Both Cameron and Woodman are drawn to drama – especially the hyperbole of classical, mythological and biblical representations of the feminine. A whole section of the exhibition brings together works from the series Woodman’s Angels, taken in Rome in 1977, where the artist jumps into the air in front of a pair of white sheets that have been thrown up in the window of an industrial warehouse, to give the effect. of an urbanite seraph, alongside Cameron’s sweet cherubim – beautiful portraits of Victorian children taken at times truculent in the 1870s.

Cameron was proud of her technical prowess – she announced in her titles when she had succeeded or had succeeded in her favorite work. Among Woodman’s more impressive and experimental works in the exhibition is a collection of her Caryatid pieces – giant diazotype prints in which she casts herself and female friends as carved female figures found in ancient Greek temples. Coloring and enveloping the space, they create an environment of great female energy that contrasts with Woodman’s usual tiny gelatin prints.

Another thematic section considers the working conditions of the two artists: Cameron moved from a portrait studio at the V&A, to do most of her work in a cleaned-up chicken coop in Freshwater on the Isle of Wight. (If you’re wondering about the fate of the animals, Cameron wrote: “The chickens were freed, I hope and believe they don’t eat them.”) Woodman is known for her ominous, industrial interiors for many of her self-portraits – stripped wooden floors and huge windows, you can’t look at them now and not think about her suicide in 1981, aged 22. Both of them also photographed outdoors, trying to connect with nature.
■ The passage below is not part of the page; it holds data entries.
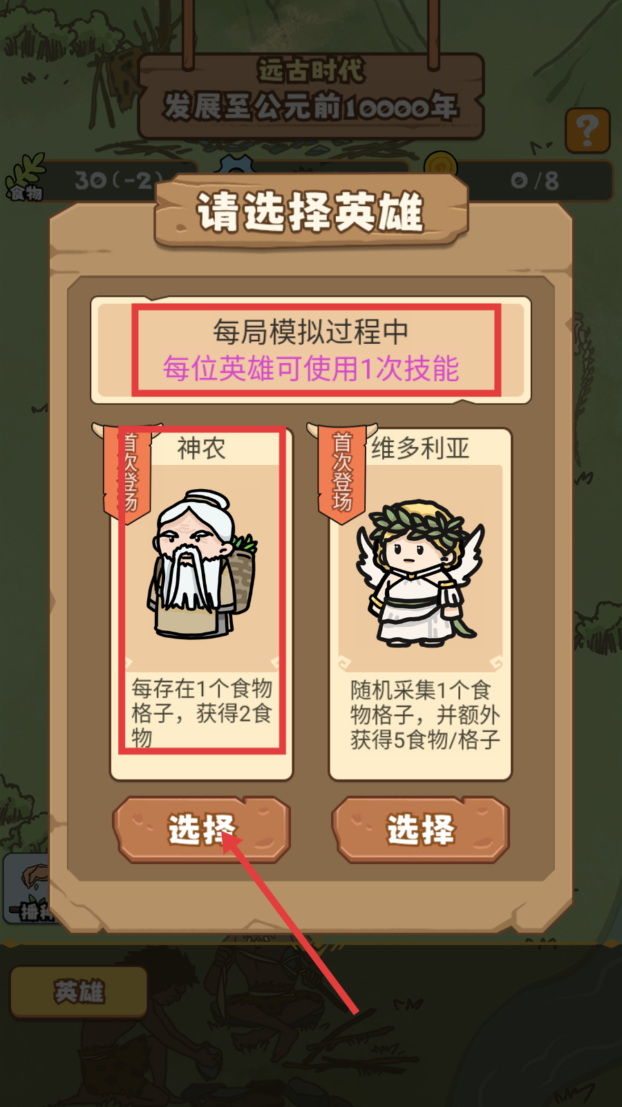 2、选择英雄【神农】,其技能为每存在1个食物格子获得2食物,每局模拟中每位英雄可使用1次技能,助力资源积累。
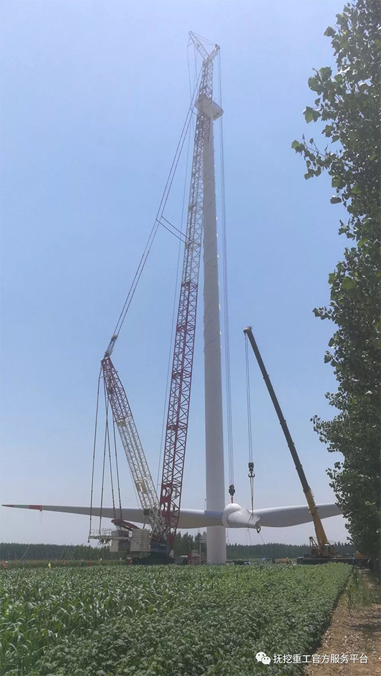 遼寧撫挖安基能源工程有限公司在北京航天·貴州電建  南宮300MW風(fēng)電場項目施工中,于2019年7月3日在河北省邢臺市南宮市完成首臺單機(jī)容量3.0MW、輪轂中心高度104米的風(fēng)機(jī)安裝,這既是我公司首臺高度更高 、重量更大 的3.0MW-140米風(fēng)機(jī)安裝,也是目前為止風(fēng)機(jī)廠家-金風(fēng)科技的 3.0MW-140米柔塔風(fēng)機(jī)批量吊裝施工的開始,為遼寧撫挖安基能源工程有限公司在風(fēng)電施工領(lǐng)域填寫輝煌的一筆。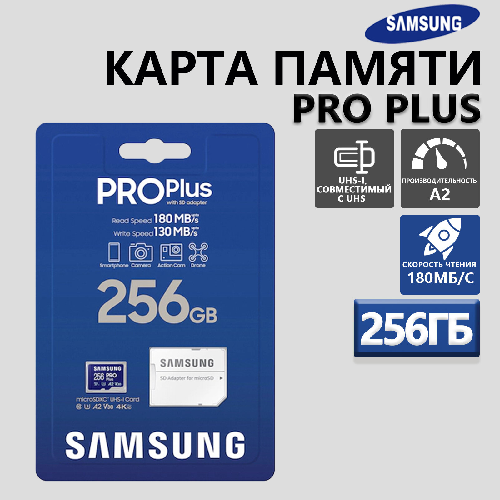 Купить SDXC UHS-I U3 Samsung Pro PLUS, 180 МБ/с, класс 10, 256 ГБ в упаковке с доставкой по всей России.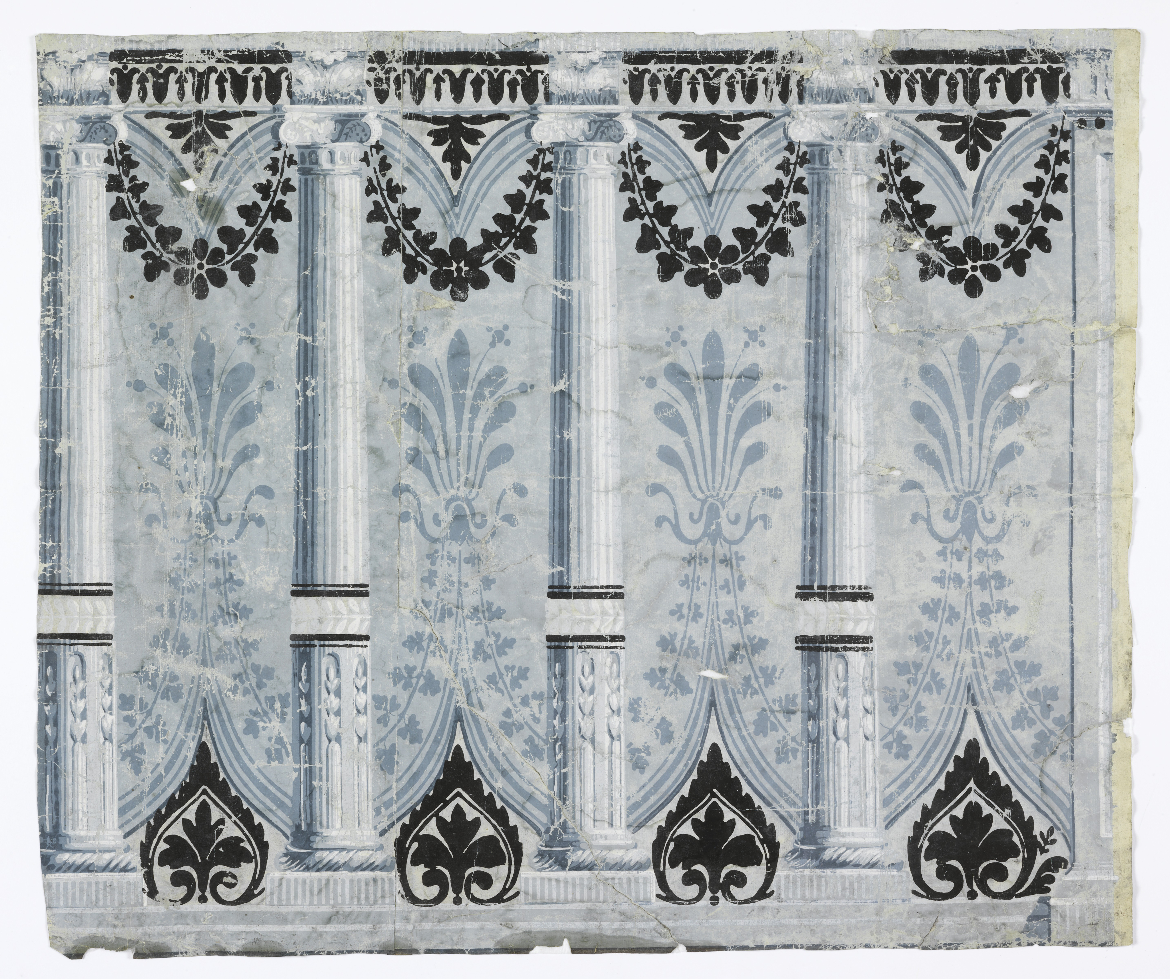 This is a frieze. It is dated 1800–1850 and we acquired it in 1972. Its medium is block-printed on handmade paper. It is a part of the Wallcoverings department.
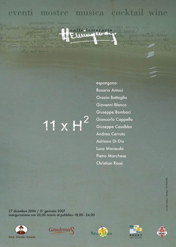 Dopo il successo della prima edizione torna “11 x H²”, la mostra collettiva (il titolo è stato “elevato a potenza” visto che si è al secondo anno) curata da Giorgio Cavallo, organizzata dal e nei locali del Caffè letterario Hemingway di via Grimaldi 36, a Modica.

Two photographs of Woodman taken in Antella, Tuscany in 1978 are thrilling – the ruins of a building with a hole punched in the sky; in another her body is engulfed by a tangled mass that descends from above. They are reminiscent of Graciela Iturbide’s supernatural shots of Mexico of the same time. Here is a glimpse of the artist Woodman could have been.

It is also a relief from the onslaught of beauty, which becomes intense and obsessive after a while in this exhibition. The prints themselves are over the top, but every artist now becomes a chaser and re-arrangement of tired ideas of ideal feminine beauty. Neither artist represented the world or their time – these portraits are personal images, vague models of feminine beauty as they saw and experienced it.

Smoky, hazy picture after picture of chimerical women, the show begins to leave you in the light-headed reverie it promises. Then it ends in a room known as Fragmentary Men – some of Cameron’s most famous portraits, and some of Woodman’s least known. This room is very welcome, an opportunity to examine and present these male figures – friends, lovers and acquaintances of the artists – to the public.

Both also seem to be breaking away from the tropes and traditions of portraiture; Cameron and Woodman establish their own language to look at here. On the other hand, the portraits of men suggest that we are all held back by the way we look at women and what we look for in them.

As the title suggests – these are portraits in which we are to dream; get lost and then maybe find ourselves in. But like nocturnal weapons, the images quickly disappeared from my mind when I left the gallery. Waking up left me slightly irritated and with a horrible feeling that I was wrong.